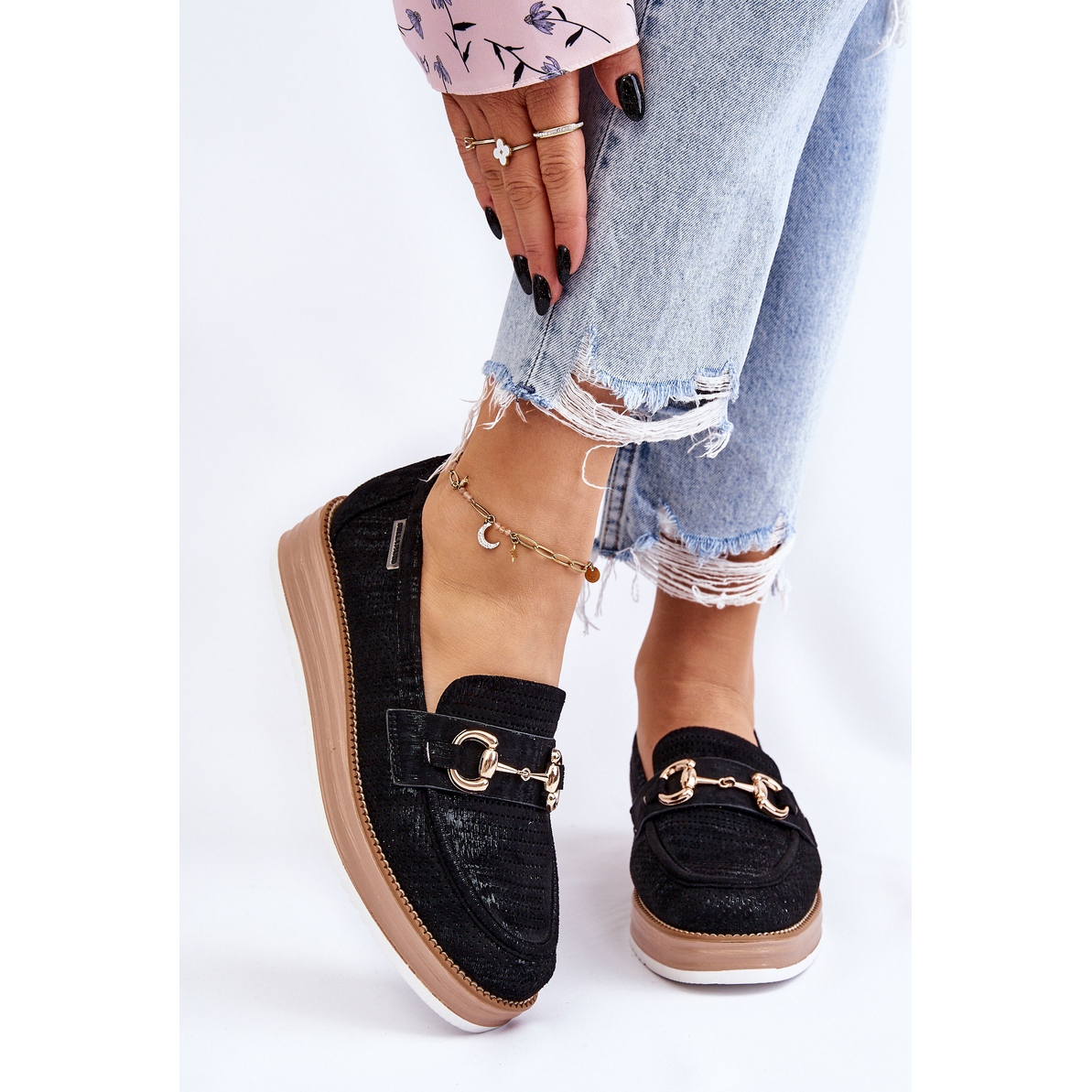 Mokasyny PM1 charakteryzują się usztywnianym zapiętkiem, co dodatkowo zwiększa ich stabilność i komfort noszenia. Ozdobny element na przodzie nadaje im wyjątkowego charakteru, a czarny kolor sprawia, że będą idealnym uzupełnieniem wielu wiosenno-jesiennych stylizacji. Dzięki wysokości cholewki wynoszącej 5,5 cm oraz platformie o wysokości 2,5 cm, buty te nie tylko świetnie wyglądają, ale również optycznie wydłużają nogi.
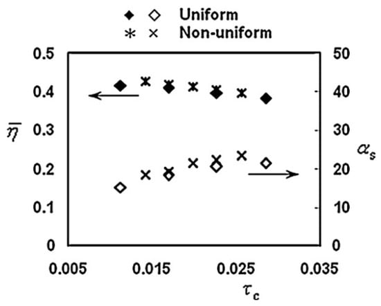 First, the influence of tip clearance on energy performance of pumps is investigated. Saha and coworkers [46,47] conducted experiments to investigate the hydraulic performance and flow characteristics in a mixed-flow pump with different tip clearance sizes. In Figure 22, H denotes the pump head, N denotes the rotating speed of the impeller, UT denotes the blade speed of the rotor outlet tip, D denotes the diameter of the impeller tip at the outlet, ηH denotes the hydraulic efficiency, tc denotes the tip-clearance size, and Ctip denotes the tip chord. Therefore, the three expressions, , , and , in Figure 22 denote the normalized pump head, flow rate, and tip-clearance size, relatively. It is indicated that the pump efficiency and the pump head are nearly linearly related to the tip-clearance size near the design flow rate. This observation is consistent with the numerical simulation result [5]. However, the descent slopes of the head are different between References [47] and [5], which may be ascribed to the operating conditions and the tip-clearance ranges.
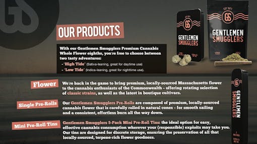 The Gentlemen’s approach includes products that simplify the experience for the East Coast’s less seasoned smokers. Their staple offerings include a “High Tide” sativa-leaning flower for daytime use along with a “Low Tide” indica-leaning cultivar intended for nighttime use. There’s also a hybrid option, the “Mid Tide” line, for tweeners.
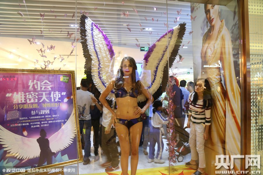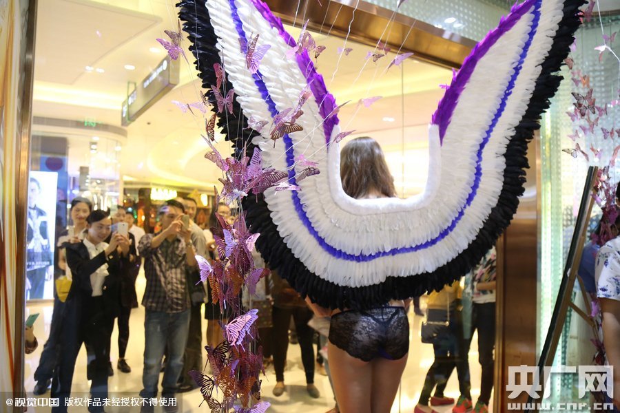 2015年11月11日訊,廣東省深圳市,11月11日晚,一場(chǎng)內(nèi)衣企業(yè)做的山寨"維秘"秀現(xiàn)身深圳,吸引大批男女老少圍觀,清一色的洋模身著內(nèi)衣搭配不同款式的翅膀在T臺(tái)走秀,相當(dāng)吸睛,而后更是引來不少人求合影!
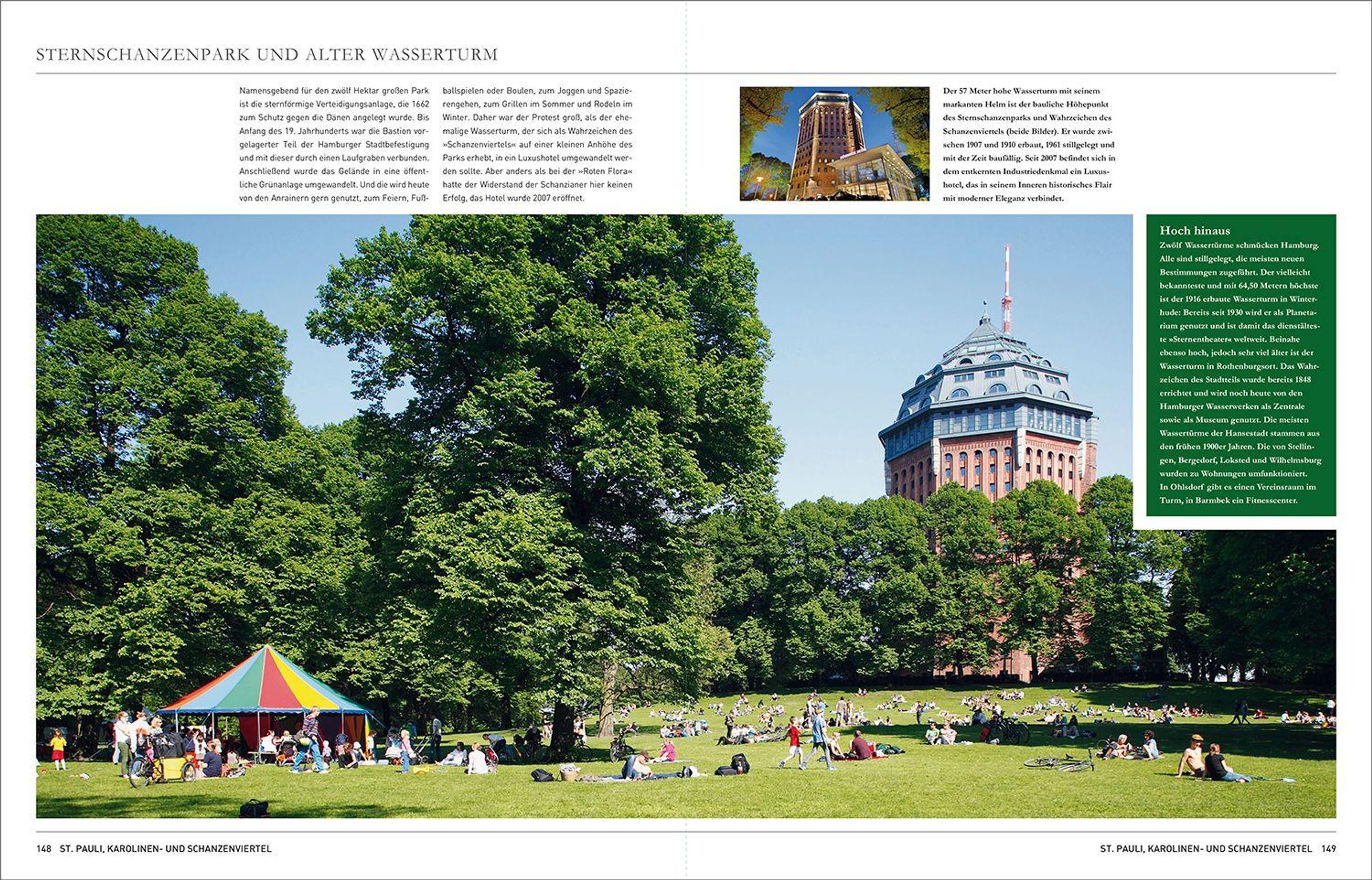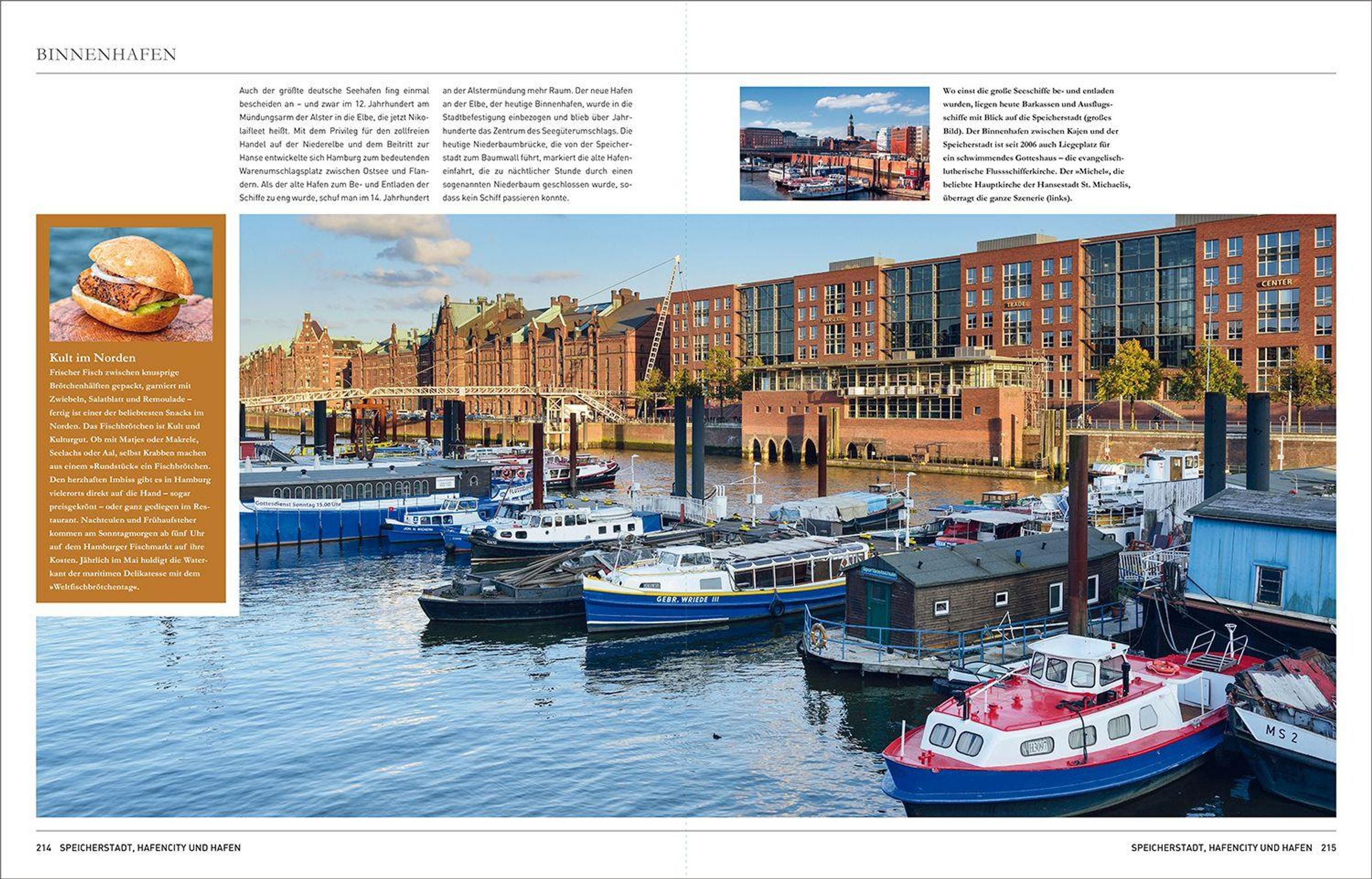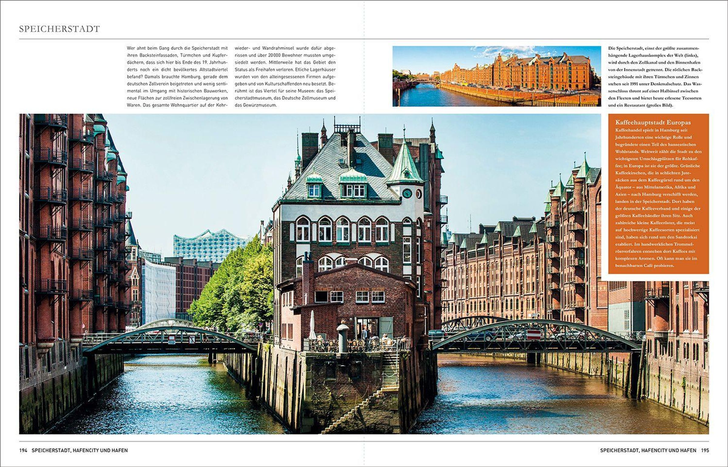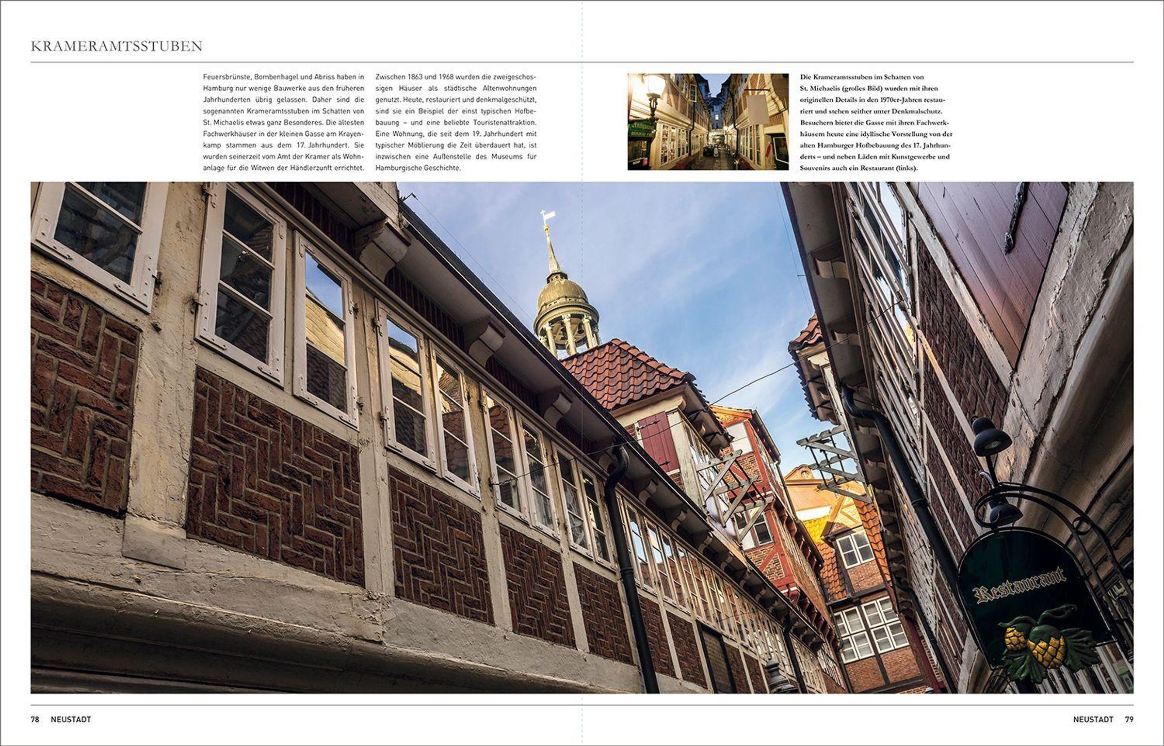 Das entspannte Treiben, der stete Hauch von Meer in der Luft und eine Architektur, die alt und modern verbindet - all das sind Gründe, um die Elbmetropole Hamburg ins Herz zu schließen. Wer an Hamburg denkt, dem kommen wohl zuerst Hafen, Landungsbrücken und Alster in den Sinn. Vielleicht denkt man auch an den 'Michel', das Wahrzeichen der Hansestadt, an den Fischmarkt, den HSV oder FC St. Pauli, die noble Elbchaussee und die legendäre Reeperbahn. Dass es noch mehr zu entdecken gibt als Elbphilharmonie, Speicherstadt & Co., zeigt dieser Bildband Hamburg: zum Beispiel Jugendstilfassaden in Eppendorf, die Krameramtsstuben oder ein Wasserlichtkonzert im Planten un Blomen sowie Orte der Ruhe oder des quirligen Szenelebens.

Aim of the task. The reply should hold the lines from the top of the records through the line containing "The Gentlemen’s approach", reproduced exactly, and no pictures.

Solution below.
 Mokasyny PM1 charakteryzują się usztywnianym zapiętkiem, co dodatkowo zwiększa ich stabilność i komfort noszenia. Ozdobny element na przodzie nadaje im wyjątkowego charakteru, a czarny kolor sprawia, że będą idealnym uzupełnieniem wielu wiosenno-jesiennych stylizacji. Dzięki wysokości cholewki wynoszącej 5,5 cm oraz platformie o wysokości 2,5 cm, buty te nie tylko świetnie wyglądają, ale również optycznie wydłużają nogi.
 First, the influence of tip clearance on energy performance of pumps is investigated. Saha and coworkers [46,47] conducted experiments to investigate the hydraulic performance and flow characteristics in a mixed-flow pump with different tip clearance sizes. In Figure 22, H denotes the pump head, N denotes the rotating speed of the impeller, UT denotes the blade speed of the rotor outlet tip, D denotes the diameter of the impeller tip at the outlet, ηH denotes the hydraulic efficiency, tc denotes the tip-clearance size, and Ctip denotes the tip chord. Therefore, the three expressions, , , and , in Figure 22 denote the normalized pump head, flow rate, and tip-clearance size, relatively. It is indicated that the pump efficiency and the pump head are nearly linearly related to the tip-clearance size near the design flow rate. This observation is consistent with the numerical simulation result [5]. However, the descent slopes of the head are different between References [47] and [5], which may be ascribed to the operating conditions and the tip-clearance ranges.
 The Gentlemen’s approach includes products that simplify the experience for the East Coast’s less seasoned smokers. Their staple offerings include a “High Tide” sativa-leaning flower for daytime use along with a “Low Tide” indica-leaning cultivar intended for nighttime use. There’s also a hybrid option, the “Mid Tide” line, for tweeners.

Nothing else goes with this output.